Jenazah Deden Maulana, Pegawai KKP Korban ATR 42-500, Teridentifikasi Lewat Sidik Jari

Advertisement

Jakarta – Tim Disaster Victim Identification (DVI) Mabes Polri mengumumkan keberhasilan identifikasi jenazah Deden Maulana (43), seorang pegawai Kementerian Kelautan dan Perikanan (KKP) yang menjadi korban kecelakaan pesawat ATR 42-500. Identifikasi ini dilakukan melalui pencocokan sidik jari.

Detail Identifikasi

Menurut laporan dari detikSulsel, Kepala Bidang Dokkes Polda Sulawesi Selatan, Kombes Muhammad Aris, membacakan hasil pemeriksaan yang dilakukan oleh tim DVI gabungan. Tim ini terdiri dari Biddokkes Polda Sulsel, Pusdokkes Polri, Ident Polda Sulsel, serta Departemen Forensik dan Medikolegal Fakultas Kedokteran Universitas Hasanuddin.

“Jenazah dengan nomor PM/62/B.02 cocok dengan antemortem nomor AM006 teridentifikasi sebagai Deden Maulana, laki-laki umur 43 tahun beralamat di Jalan Jati Raya 66H Sopia nomor 15 RT005/006 Jati Padang, Pasar Minggu, melalui sidik jari, properti dan ciri medis,” ujar Aris dalam konferensi pers di Posko DVI Polda Sulsel pada Kamis, 22 Januari 2026.

Tantangan dalam Proses Identifikasi

Kepala Pusat Identifikasi (Kapusident) Bareskrim Polri, Irjen Mashudi, mengungkapkan bahwa proses identifikasi jenazah Deden memerlukan upaya ekstra.

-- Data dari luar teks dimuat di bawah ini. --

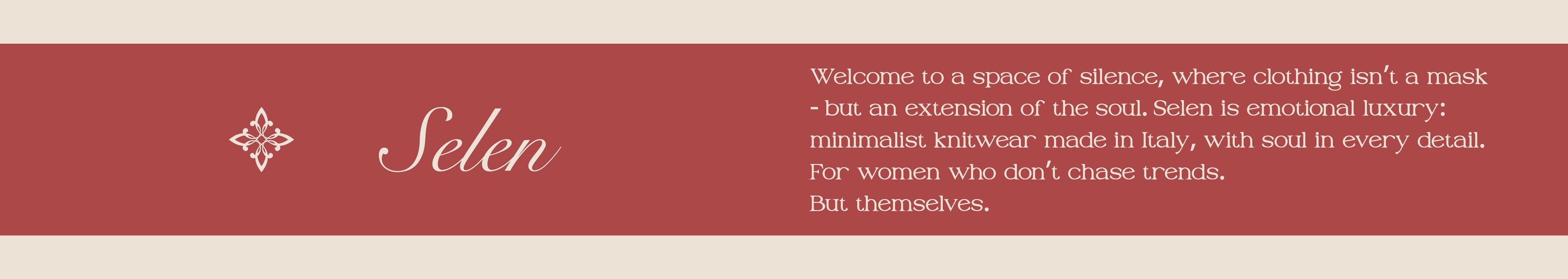 Selen è lusso emozionale: maglieria minimalista made in Italy, con un'anima in ogni dettaglio. Per donne che non inseguono le tendenze. Ma se stesse.

Meskipun tidak merinci kondisi spesifik jenazah, Mashudi menyatakan adanya tantangan yang dihadapi.

Advertisement

“Kurang lebih memang ada sedikit effort, ada sedikit tantangan karena kondisi jenazah. Namun berdasarkan keuletan, kemampuan dan keilmuan anggota Ident maka kami berhasil melakukan identifikasi dengan memanfaatkan kulit sidik jari yang masih ada,” jelas Mashudi.

Ia menambahkan bahwa tim DVI melakukan pemeriksaan terhadap sampel sidik jari dan pembanding post-mortem. Hasil perbandingan data secara saintifik ini akhirnya mengkonfirmasi bahwa kantong jenazah nomor PM/62/B.02 adalah Deden Maulana.